* EXERCISE MATERIALS

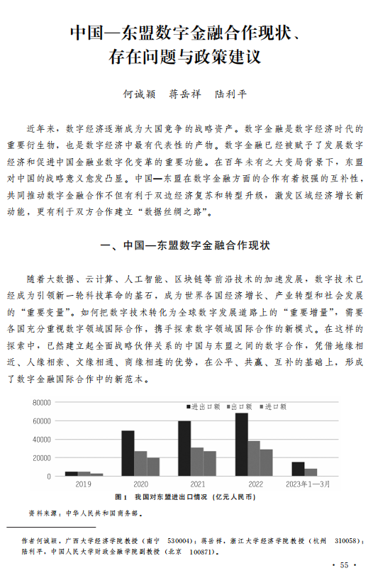 日前,我院何诚颖教授、浙江大学经济学院蒋岳祥教授、中国人民大学财政金融学院陆利平副教授的文章在《中国—东盟数字金融合作现状、 存在问题与政策建议》在《中国社会科学(内部文稿)》发表。
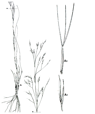 sparsely branched or branched. Ligule a fringe of hairs, 1 mm long. Leaf-blades
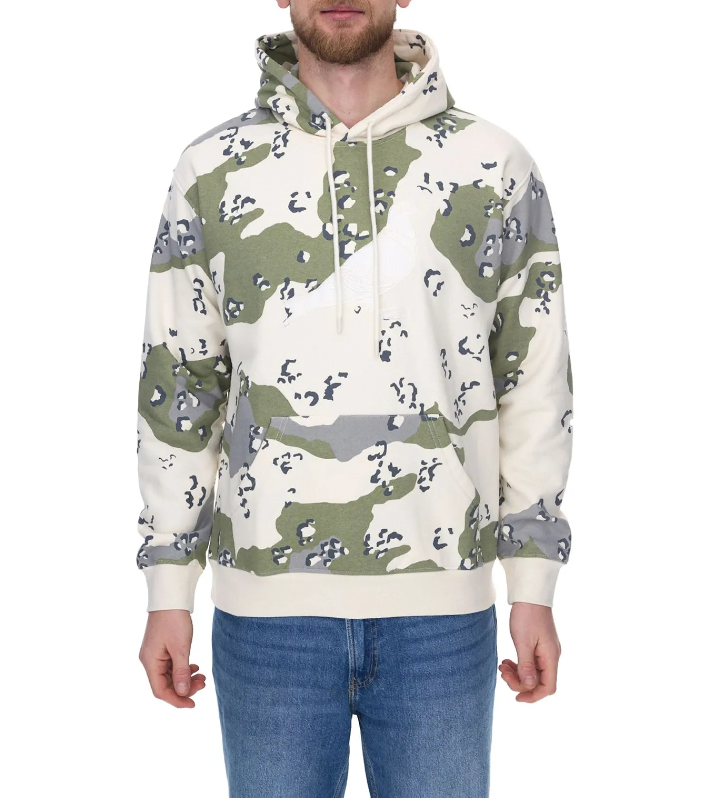 STAPLE Herren Kapuzen-Pullover mit Kängurutasche Baumwoll-Pullover mit Tauben-Frontprint Camouflage 2209H7066 Olivgrün/Beige
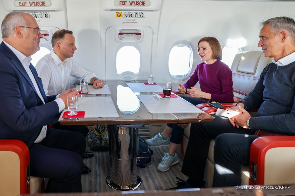Na pokładzie samolotu do Nowego Jorku Parze Prezydenckiej towarzyszyli Prezydent Republiki Mołdawii Maia Sandu, Prezydent Republiki Estońskiej Alar Karis z Małżonką oraz Sekretarz Generalny NATO Jens Stoltenberg.
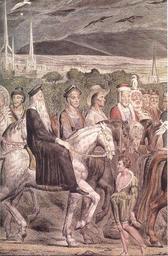| Keywords: Blake-Cant-pilgrims-detail-a.jpg en Blake-Cant-pilgrims-detail-a Coloured engraving 2nd state 1810 Chaucer's Canterbury Pilgrims Copper engraving with additions in watercolor by the artist Signature and imprint Painted in Fresco by William Blake by him Engraved Published October 8 1810 at No 28 Corner of Broad Street Golden Square; inscribed below Chaucers Canterbury Pilgrims and with the names of the pilgrims Reeve Chaucer Clerk of Oxenford Cook Miller Wife of Bath Merchant Parson Man of Law Plowman Physician Franklin 2 Citizens Shipman The Host Sompnour Manciple Pardoner Monk Friar a Citizen Lady Abbess Nun 3 Priests Squires Yeoman Knight Squire The engraving is known in five states Blake's use of line engraving emulating the styles of early printmakers Albrecht Dürer and Lucas van Leyden evokes the character of Chaucer's poetry Blake painted the pilgrims after a quarrel with R H Cromek and Thomas Stothard regarding whether the commission had originally been Blake's The painting was exhibited at his brother's Soho shop in 1809 and this engraving was created from it 2013-05-17 19 03 20 scanned from a book Creator William Blake PD-old-100 Uploaded with UploadWizard William Blake's Chaucer |
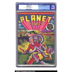 Planet Comics #2 (Fiction House, 1940) CGC FN/VF 7.0 Cream to off-white pages. Scarce in any grade, this issue of Planet Comics has the well-deserved reputation of being the most difficult to find of the entire run. No one drew finer than Lou Fine, as you will clearly see when you look at this spectacular cover. This is the second-highest graded copy certified to date by CGC, so don't miss the opportunity to add this choice piece to your collection. Overstreet 2002 FN 6.0 value = $1,250; VF 8.0 value = $2,604. Important notice: We expect to be auctioning lots at the rate of 200-250 per hour. Sometimes eBay Premier live bid software cannot keep up with that pace, so we strongly recommend that you place a realistic proxy bid now as insurance to avoid disappointment. Also please note that all Heritage/CAA lots purchased through eBay Premier carry a 20% Buyer's Premium. Please make sure you read the Terms and Conditions.
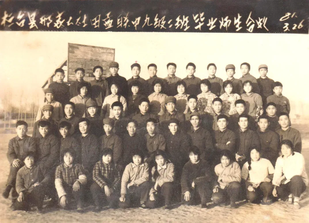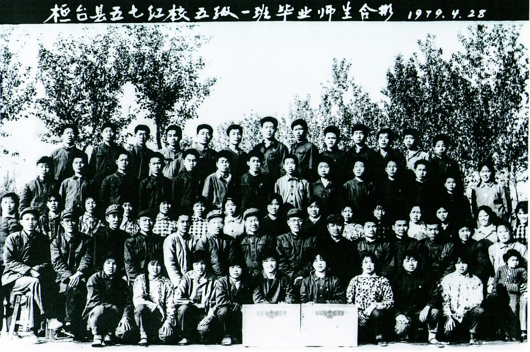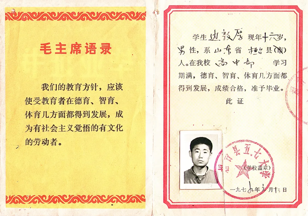 1969年12月,桓台县第一农业中学、第二农业中学与桓台县农场合并更名为“桓台县粮种繁育场五七红校”。1972年,场校分开,学校更名“桓台县五七红校”。1978年,经山东省革命委员会批准,“桓台县五七红校”更名为“桓台县五七大学”。从1973年开始,“桓台县五七红校”开始招收两年制高中,每年级两个班,主要招收果里、侯庄两个人民公社的学生。上图为“桓台县五七红校”五级(共三个班)一班毕业师生合影。第二排左六为副校长尹红军、左七为校长张希福、左八为副校长任曰俭、左十为教导主任尹德尧。第四排右一为班主任张侠老师。后排左五为照片提供人边敦厚,高级工程师、国家注册一级建造师。下图为照片提供者的毕业证,上边的印章为“桓台县五七大学”。(照片提供者:边敦厚)
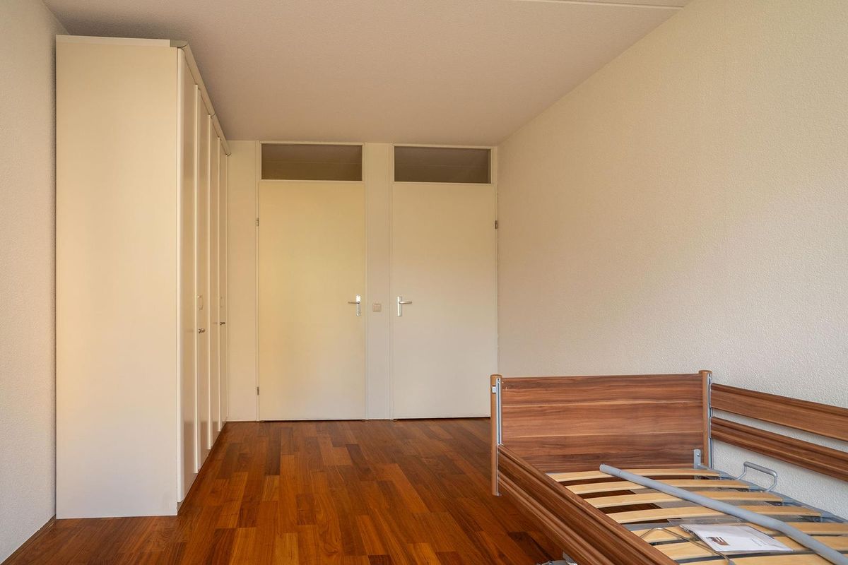 De slaapkamer is eveneens bereikbaar via de hal en biedt direct toegang tot de badkamer.
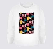 Un motivo dinamico e divertente di forme astratte colorate e di ispirazione retrò è sparso come coriandoli su uno sfondo nero, creando un disegno vibrante ed energico dal sapore vintage.
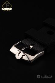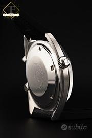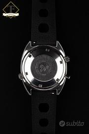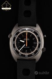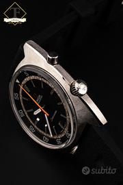 Omega Seamaster Chronostop ref. 145.008 – Anni ’60 – Acciaio – Calibro 865 – Quadrante nero – Cronografo monopulsante Tempus Fugit Bologna propone Omega Seamaster Chronostop ref. 145.008, una delle creazioni più originali e riconoscibili della produzione Omega degli anni ’60, qui proposta in acciaio con caratteristica cassa tonneau, quadrante nero e iconica lancetta cronografica centrale arancione. Un modello dal design fortemente identitario, pensato per offrire una lettura immediata del tempo cronometrato attraverso il pratico sistema cronografico monopulsante. La referenza 145.008 rappresenta una delle interpretazioni più interessanti della filosofia sportiva Omega di quel periodo: linee tese, impostazione tecnica, leggibilità eccellente e una personalità estetica fuori dagli schemi. In questa configurazione, con movimento calibro 865 visibile in foto e fondello interno correttamente punzonato, l’orologio conserva tutto il fascino del Seamaster Chronostop più puro. Caratteristiche principali:Marca: OmegaModello: Seamaster ChronostopReferenza: 145.008Periodo di produzione: Anni ’60Movimento: Meccanico a carica manuale – Calibro Omega 865, 17 rubiniCassa: In acciaio inox, forma tonneau, con pulsante cronografico singolo e corona laterale dedicataQuadrante: Nero con minuteria periferica, scala esterna graduata, indici applicati luminescenti e lancetta cronografica centrale arancioneVetro: PlexiglassCinturino: Cinturino sportivo nero stile racing con fibbia logata OmegaFunzioni: Ore, minuti, cronografo monopulsante a lettura centrale. Tempus Fugit Bologna Via San Vitale 42/A

* WHAT TO WORK ON
Starting at the line above that contains "STAPLE Herren Kapuzen-Pullover", transcribe every line exactly through the line that contains "Na pokładzie samolotu", including that last one, and skip the pictures.

* SOLUTION FOR THIS PROBLEM
 STAPLE Herren Kapuzen-Pullover mit Kängurutasche Baumwoll-Pullover mit Tauben-Frontprint Camouflage 2209H7066 Olivgrün/Beige
Na pokładzie samolotu do Nowego Jorku Parze Prezydenckiej towarzyszyli Prezydent Republiki Mołdawii Maia Sandu, Prezydent Republiki Estońskiej Alar Karis z Małżonką oraz Sekretarz Generalny NATO Jens Stoltenberg.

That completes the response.